*WHAT TO DO:*
Determine the number of lines in the listing that include the string "leefwereld"; the reply consists of that number only.

*DATA SUPPLIED:*
* * * * * * *

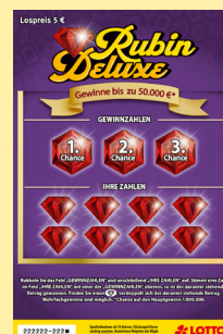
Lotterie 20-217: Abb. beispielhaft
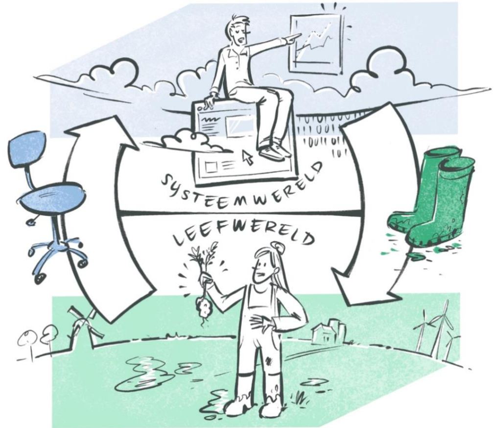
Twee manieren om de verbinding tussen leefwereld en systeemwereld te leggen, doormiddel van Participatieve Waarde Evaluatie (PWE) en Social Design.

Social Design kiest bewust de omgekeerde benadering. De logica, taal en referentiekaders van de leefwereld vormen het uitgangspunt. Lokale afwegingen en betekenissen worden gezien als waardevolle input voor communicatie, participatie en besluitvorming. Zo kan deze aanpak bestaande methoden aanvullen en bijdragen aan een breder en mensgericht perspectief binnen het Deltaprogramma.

* * * * * * *

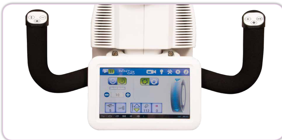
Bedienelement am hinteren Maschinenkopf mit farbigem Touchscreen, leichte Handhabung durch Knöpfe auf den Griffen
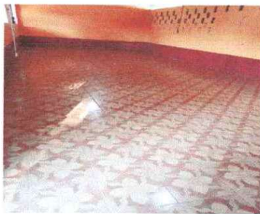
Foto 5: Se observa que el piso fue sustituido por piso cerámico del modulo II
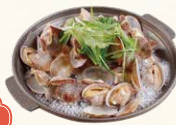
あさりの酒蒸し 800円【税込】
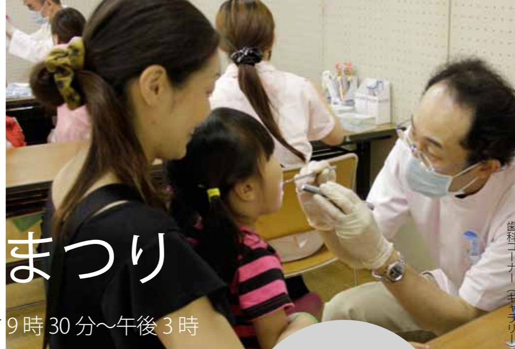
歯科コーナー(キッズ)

* * * * * * *

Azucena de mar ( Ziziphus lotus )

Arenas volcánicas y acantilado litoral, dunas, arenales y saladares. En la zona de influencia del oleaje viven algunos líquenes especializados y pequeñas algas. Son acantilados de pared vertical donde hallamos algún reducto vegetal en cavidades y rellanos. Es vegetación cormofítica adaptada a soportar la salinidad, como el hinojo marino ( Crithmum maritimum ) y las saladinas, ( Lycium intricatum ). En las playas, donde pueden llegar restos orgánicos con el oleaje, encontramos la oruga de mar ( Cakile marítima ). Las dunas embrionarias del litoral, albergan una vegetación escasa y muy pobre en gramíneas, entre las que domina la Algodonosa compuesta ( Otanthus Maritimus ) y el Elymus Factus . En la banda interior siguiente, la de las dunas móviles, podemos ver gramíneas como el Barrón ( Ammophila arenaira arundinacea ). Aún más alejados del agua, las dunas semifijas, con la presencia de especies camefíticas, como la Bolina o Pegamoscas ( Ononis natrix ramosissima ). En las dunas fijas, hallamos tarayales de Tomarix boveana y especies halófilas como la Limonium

* * * * * * *

*COMPLETED EXERCISE:*
2